Possible bug in nmethod reloc verification/scanning in G1

Thu Nov 21 13:34:41 UTC 2013

Hi,

On Thu, 2013-11-21 at 12:40 +0100, Christos Kotselidis wrote:
> Hi,
>
> I came across the following scenario, I already discussed with Thomas
>  Schatzl, that I would like to share with you.
> There is a method:
>
> private static final HotSpotGraalRuntime instance = new HotSpotGraalRuntime();
>
> public static HotSpotGraalRuntime runtime() {
>         return instance;
>}

> The instance field is a constant oop in the code and the method is
> installed.
> At some stage there is a GC with post verification
> (including G1VerifyHeapRegionCodeRoots) that passes. 
> Before the next GC cycle and during the mutation cycle, another method
> is being installed which causes the eviction of our method.
> Consequently our method is being made not_entrant and it is being
> patched with a jmp instruction at its verified entry point
> (nmethod.cpp::make_not_entrant_or_zombie).

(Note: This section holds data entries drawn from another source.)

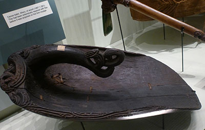 Photos 5 et 6 : Ecope de pirogue © Pitt Rivers Museum 1887.1.381 © de l’auteure 2016 et dessous (site du Pitt Rivers).
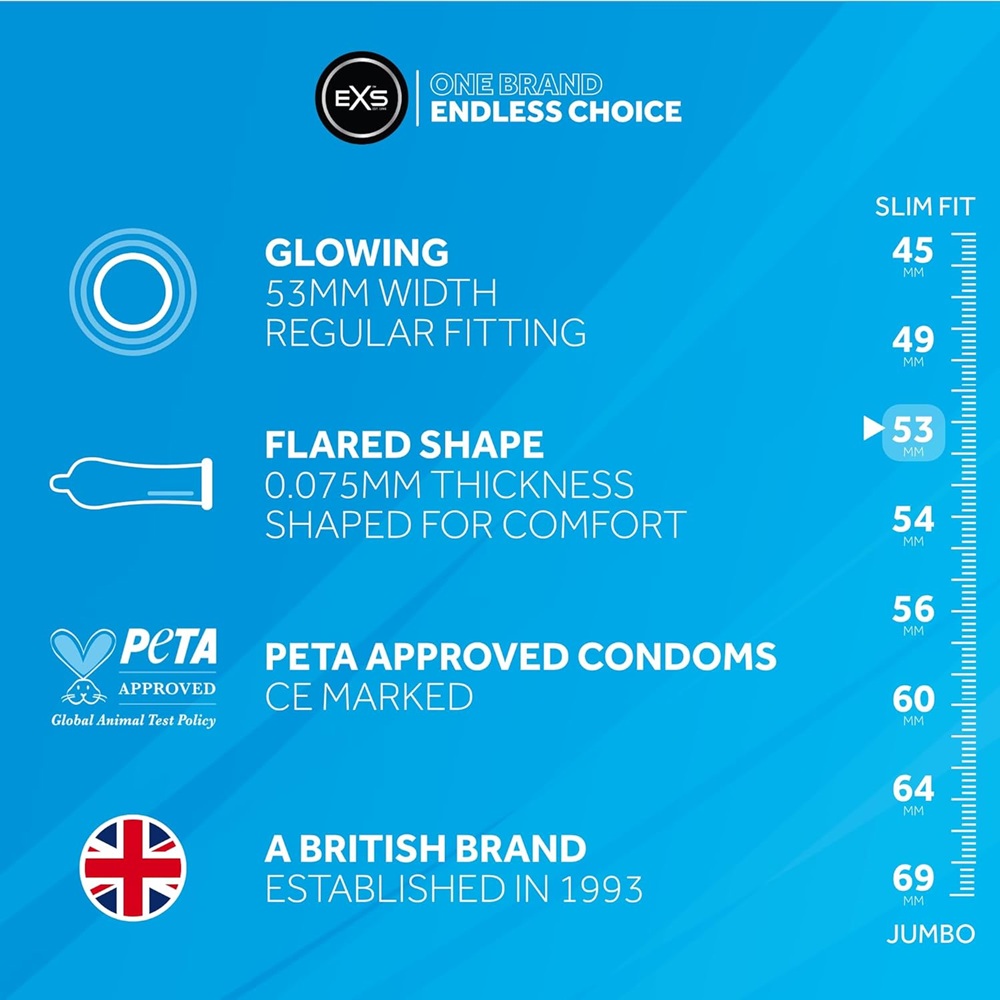 Illuminate your intimate encounters with EXS Glow-in-the-Dark Condoms, where protection meets excitement for an unforgettable experience
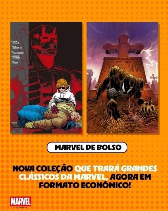 A Marvel de Bolso no Brasil será inaugurada com duas histórias clássicas que aparecem nas listas das melhores já publicadas: Demolidor: Homem sem Medo e Homem-Aranha: A Última Caçada de Kraven.
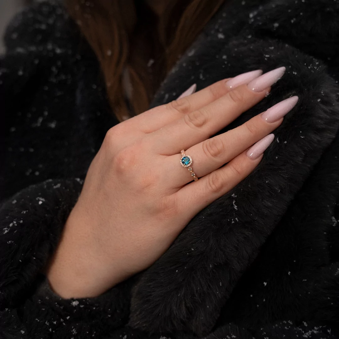 Pierścionek z topazem London Blue o masie ~0,50 ct i 22 diamentami o łącznej masie 0,17 ct, wykonany z 14-karatowego różowego złota.

The patching causes the oop
> to be overwritten by the jmp instruction. Furthermore, that oop was
> the only oop that was responsible for attaching this method to its
> correspondent HeapRegion.
> 
> The next GC cycle (Pre-verification) comes and the HeapRegionCodeRoot
> verification starts (nmethod.cpp::oops_do). There is a logic there
> (which I also believe it may be buggy as I will explain later) that
> checks whether the method is not_entrant. If the method is not_entrant
> then the logic correctly assumes that the method has been already been
> patched and therefore starts scanning the relocs of the method in +5
> bytes (for x86)/+4 bytes (for SPARC) (as the comment states). This
> results in not scanning the single oop that was attaching this
> specific method to its heap region. The verification then correctly
> asserts by saying that "there is a method attached to this specific
> heap region with no oops pointing into it".

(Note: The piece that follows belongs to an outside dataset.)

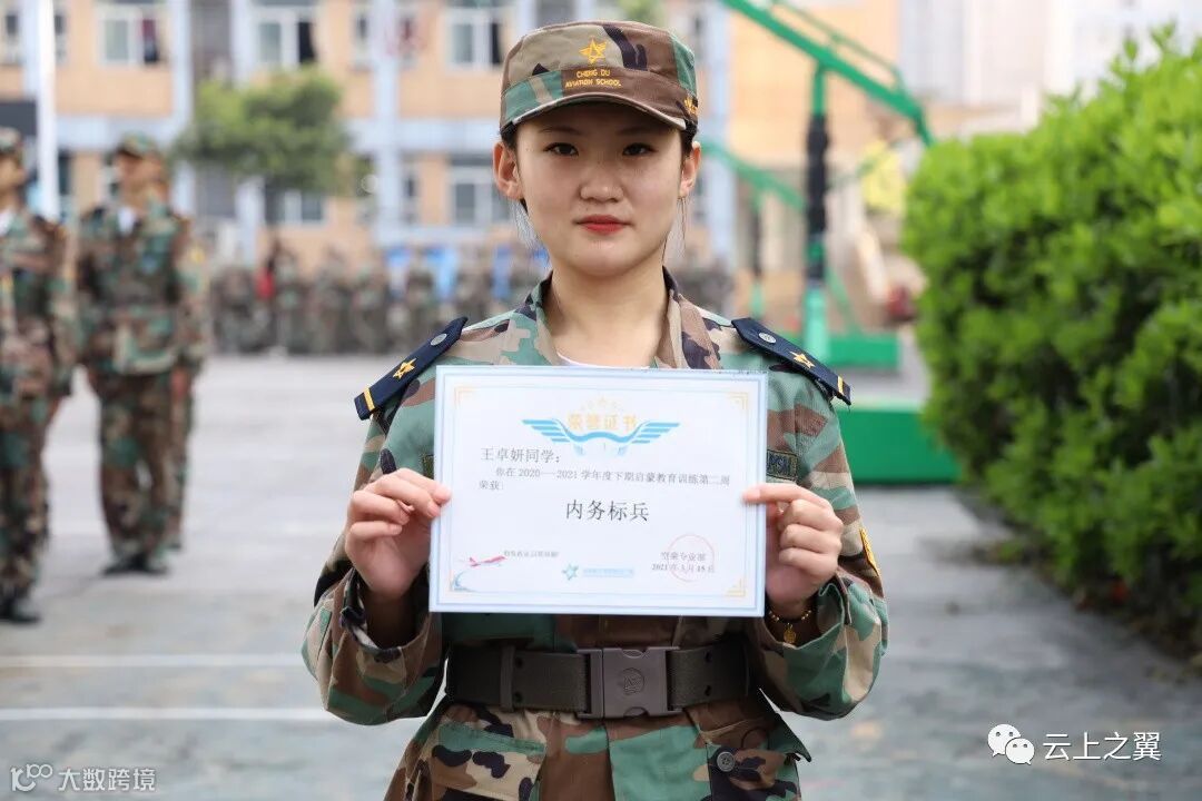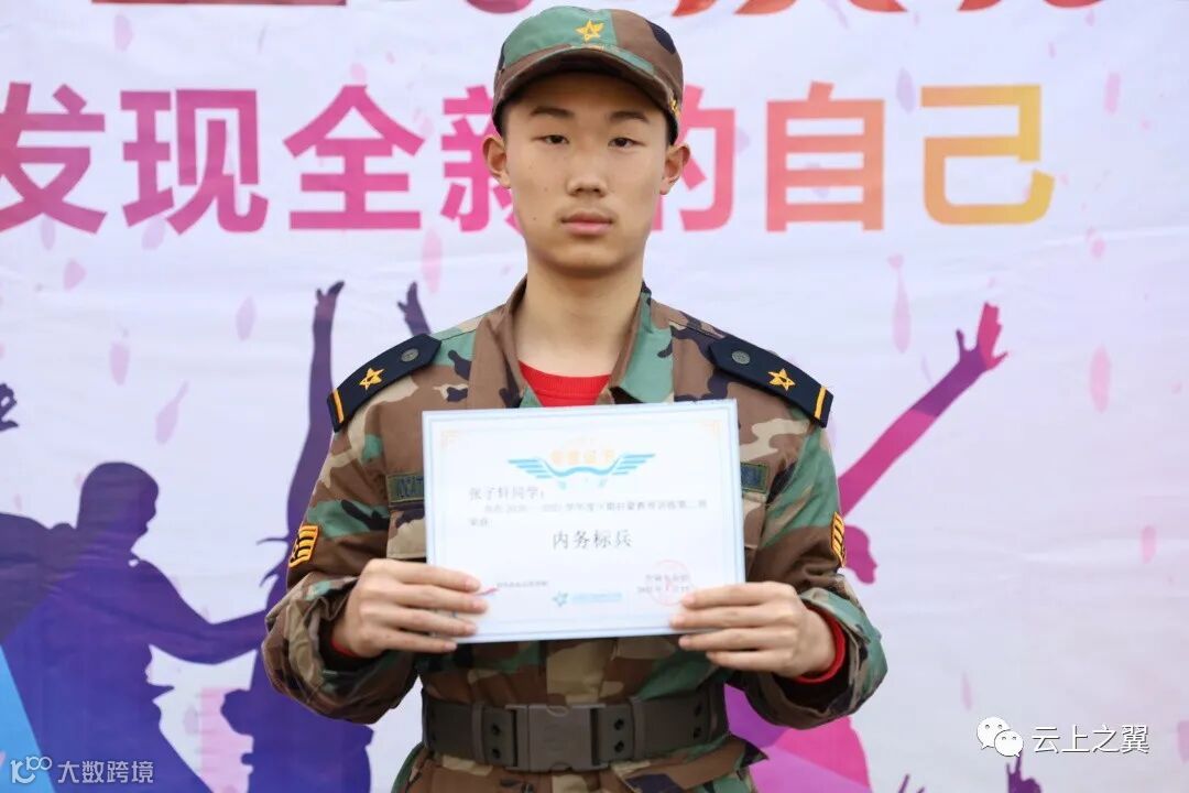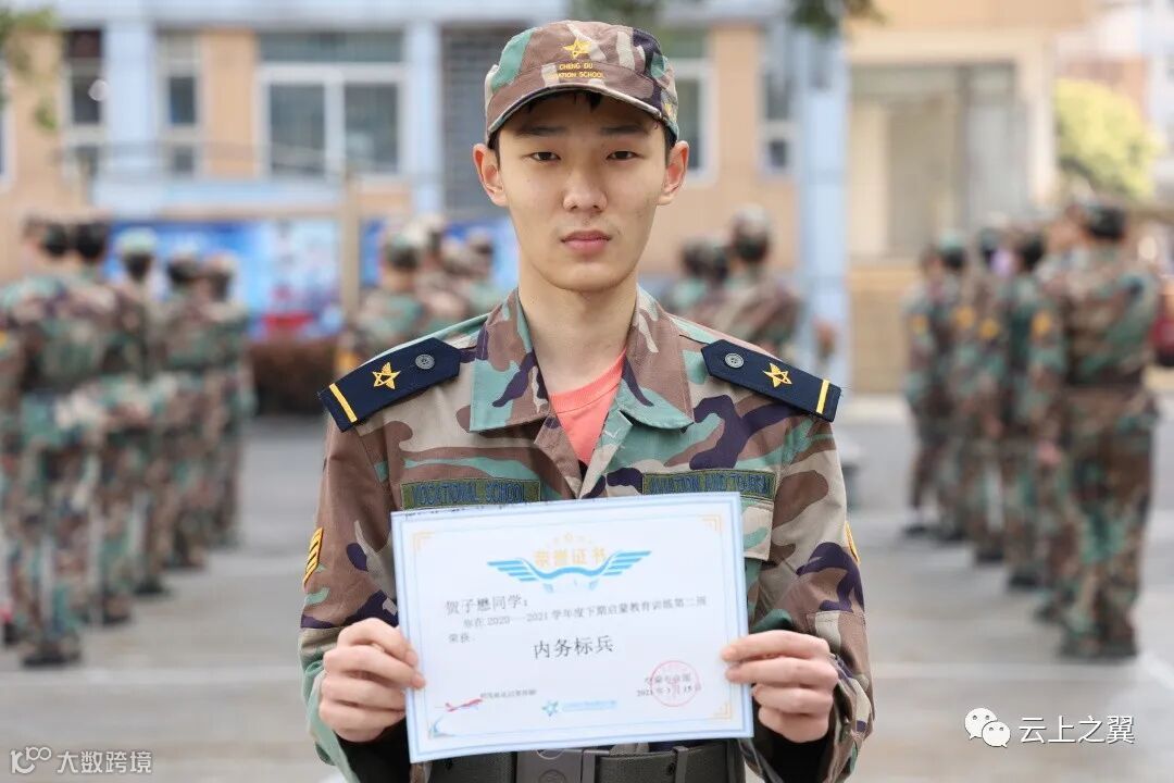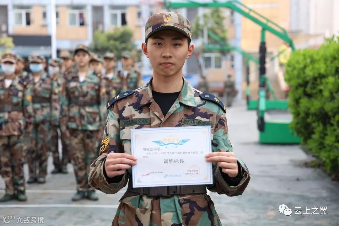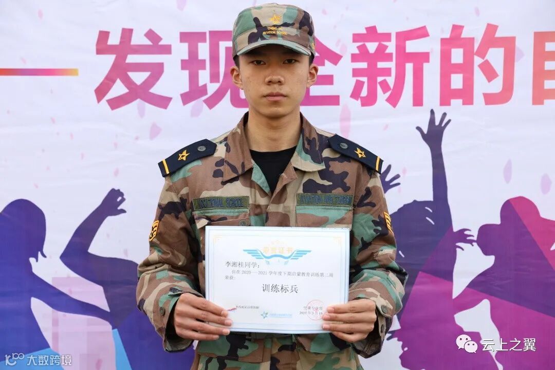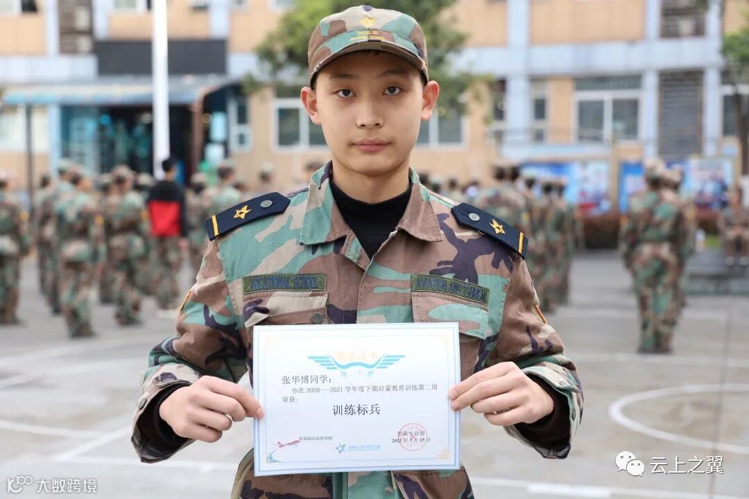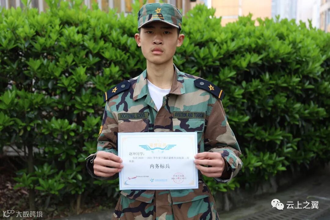 我是空乘空保一中队徐文定,来自广东-深圳,这周我拿到了训练标兵的称号,这是老师和教官对我这周军训成果的肯定,在今后的日子里我也会更加严格要求自己!

Thanks for finding this - I already filed a bug for that
(https://bugs.openjdk.java.net/browse/JDK-8028736). Please check if it
matches your investigation.
> 
> Concerning the second bug in the method::oops_do logic, here is the
> code for manipulating the reloc starting address after a method has
> been patched:

> // If the method is not entrant or zombie then a JMP is plastered over
>// the
> // first few bytes.  If an oop in the old code was there, that oop
> // should not get GC'd.  Skip the first few bytes of oops on
> // not-entrant methods.
>   address low_boundary = verified_entry_point();
>   if (is_not_entrant()) {
>     low_boundary += NativeJump::instruction_size;
>     // %%% Note:  On SPARC we patch only a 4-byte trap, not a full
> NativeJump.
>     // (See comment above.)
>   }
>
> The code above accounts only for the "is not entrant" scenario and not
> with the "is zombie" scenario. 

nmethod::do_oops will not be called for zombie methods in the default
case, so it does not matter. I.e. the default overload of
oops_do(Closure* cl, bool zombie) is oops_do(cl, false);

Also the first assert in oops_do() checks.

> I hope I got the story right…what do you think?

Yes, thanks for finding this issue (and keep investigating it).

Thomas